Деккер писал аллегорические пьесы типа масок, но специфического назначения — не для придворного спектакля, а для представления на улицах и площадях: ‘Увеселение короля Джемса’ и два представления в честь лорд-мэров. К маскам надо отнести и прекрасную пастораль ‘Любимец Солнца’, написанную им с Фордом и посвященную четырем временам года. Пьеса эта занимает промежуточное место между аллегорией и сказкой, к которой особенно тяготел Деккер.
В числе сказок на первом месте надо поставить ‘Старого Фортуната’, большое, запутанное и в конце концов переходящее в грубую аллегорию представление, в котором фантазия поэта перемешивает все драматические формы и слишком часто теряет самую нить сюжета, чтобы не повредить красоте отдельных эпизодов. Не спасают и прекрасные порой стихи, близкие по фактуре к ‘Тамерлану’ Марло. ‘Если это плохая пьеса, то чорт с ней’ отправляется от Бельфегора Макиавелли и представляет собой набор фантастических сцен с участием чертей, монахов, танцовщиц и шутов. ‘Мученица’ написана в сотрудничестве с Мэссинджером и относится обычно к авторству последнего, но фантастические сцены этой замечательной трагедии принадлежат Деккеру, воплощая и его мастерство трогательных эпизодов, и нелепость его балаганного демонизма.
Остается перечислить его бытовые комедии. Здесь мы встречаем такие произведения, как написанные с Вебстером: ‘Эй, с севера!’, ‘Эй, с запада!’ и ‘Сэр Томас Уайет’, участие в мидлетоновской комедии ‘Девка-буянка’, ‘Эдмонтонская ведьма’ (с Фордом и Роули’ и — шедевр Деккера — двухчастная комедия ‘Добродетельная шлюха’, в первой части которой есть несколько второстепенных сцен, написанных Мидлетоном, влияние коего ощущается и в композиции второй части, чей текст, повидимому, принадлежит Деккеру безраздельно.
Приведенный список надо считать условно разграниченным — и разграниченным еще более условно, чем у Хейвуда. Строго говоря, если судить по внешним признакам, ‘Добродетельная шлюха’ могла бы поменяться местами с ‘Праздником башмачников’ и стать в ряды романтических комедий, так как действие ее происходит в ‘Милане’, имена персонажей — итальянские, а сапожники празднуют в Лондоне и носят английские, иногда исторически точные имена. Но Италия Деккера только псевдоним, и быт ее типично лондонский, до полного воспроизведения местных терминов, заставляющих автора порой спохватываться и напоминать читателю, что подобное имеется и в Италии, а не только в Лондоне. То же можно сказать и об испанской комедии ‘Сговоримся в Лондоне’, где Севилья ничем от Лондона не отличается, и непонятно, почему надо ехать сговариваться в Лондон, когда достаточно признаться в условности наименований места действия, чтобы очутиться на берегах Темзы.

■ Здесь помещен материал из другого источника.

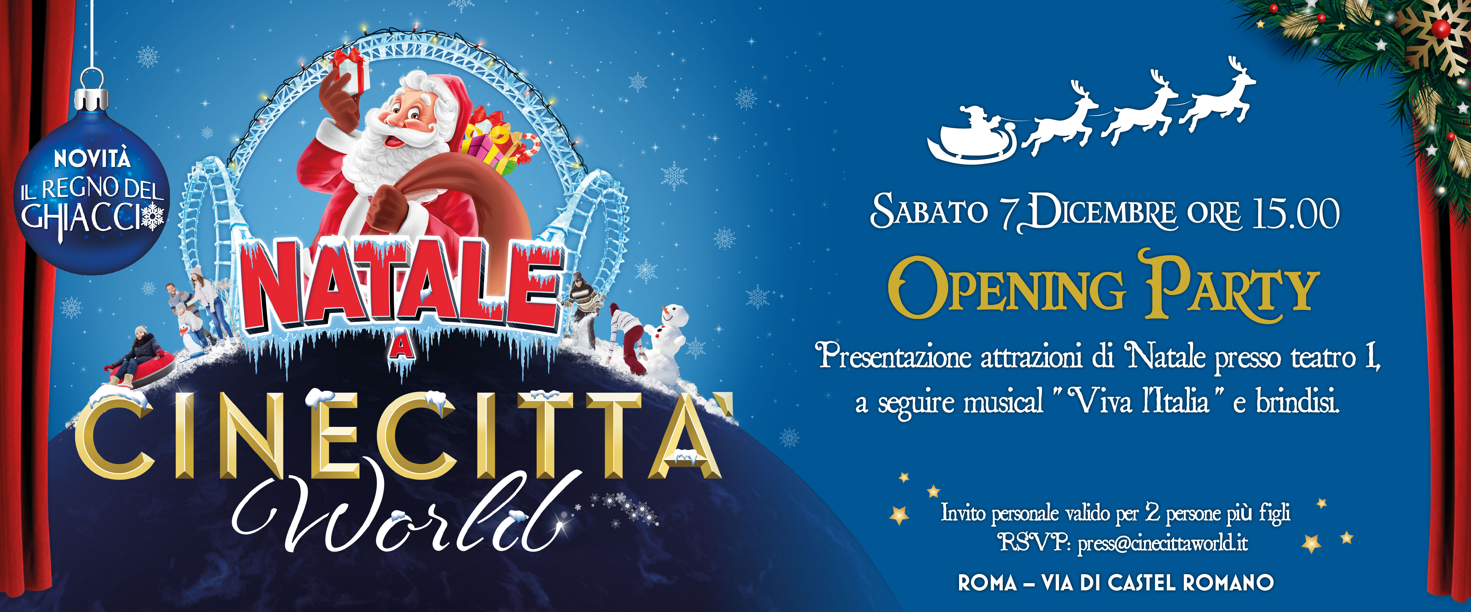 Dall’ 1 dicembre al 6 gennaio si accendono le luci di Natale a Cinecittà World e i visitatori vivranno da protagonisti la magica atmosfera natalizia.

ХАРАКТЕР ТВОРЧЕСТВА ТОМАСА ХЕЙВУДА

Для тех, кто из елизаветинцев знает только Шекспира и Бена Джонсона, Хейвуд может показаться автором совершенно другой эпохи. Бурного, сверкающего всеми красками изложения названных поэтов у него нет и следов. Фраза его проста, стих настолько лишен украшений, что кажется прозаичным, нет ни следа эвфуизма, самые сильные страсти находят для своего выражения наиболее обыденные слова. Хейвуд подводит нарастание пафоса до его вершины, но, не доходя до нее, обрывает изложение. Его герои сдержаны и никогда не забывают о корректности своего поведения.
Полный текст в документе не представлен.